Modular Neural Image Signal Processing
Mahmoud Afifi, Zhongling Wang, Ran Zhang, and Michael S. Brown

TL;DR
This paper introduces a modular neural image signal processing framework that enhances control, scalability, and generalization in image rendering, enabling diverse editing and style adaptation with high-quality results.
Contribution
It proposes a fully learning-based, modular neural ISP design that improves flexibility, scalability, and generalization over prior neural ISP methods.
Findings
Achieves high rendering accuracy and quality.
Supports diverse editing operations and styles.

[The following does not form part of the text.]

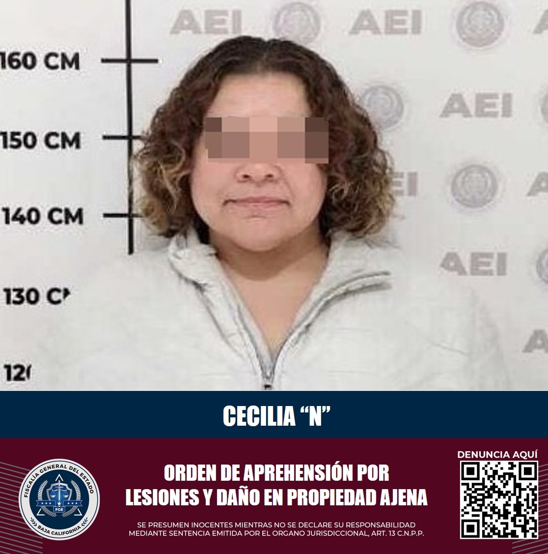 PLAYAS DE ROSARITO, B.C. Como parte de acciones de investigación, la Fiscalía General del Estado (FGE) a través de la Agencia Estatal de Investigación (AEI), cumplimentó una orden de aprehensión que pesaba en contra de una mujer, acusada de lesiones y daño en propiedad ajena.

Maintains moderate model size with competitive results.
Abstract
This paper presents a modular neural image signal processing (ISP) framework that processes raw inputs and renders high-quality display-referred images. Unlike prior neural ISP designs, our method introduces a high degree of modularity, providing full control over multiple intermediate stages of the rendering process.~This modular design not only achieves high rendering accuracy but also improves scalability, debuggability, generalization to unseen cameras, and flexibility to match different user-preference styles. To demonstrate the advantages of this design, we built a user-interactive photo-editing tool that leverages our neural ISP to support diverse editing operations and picture styles. The tool is carefully engineered to take advantage of the high-quality rendering of our neural ISP and to enable unlimited post-editable re-rendering. Our method is a fully learning-based framework…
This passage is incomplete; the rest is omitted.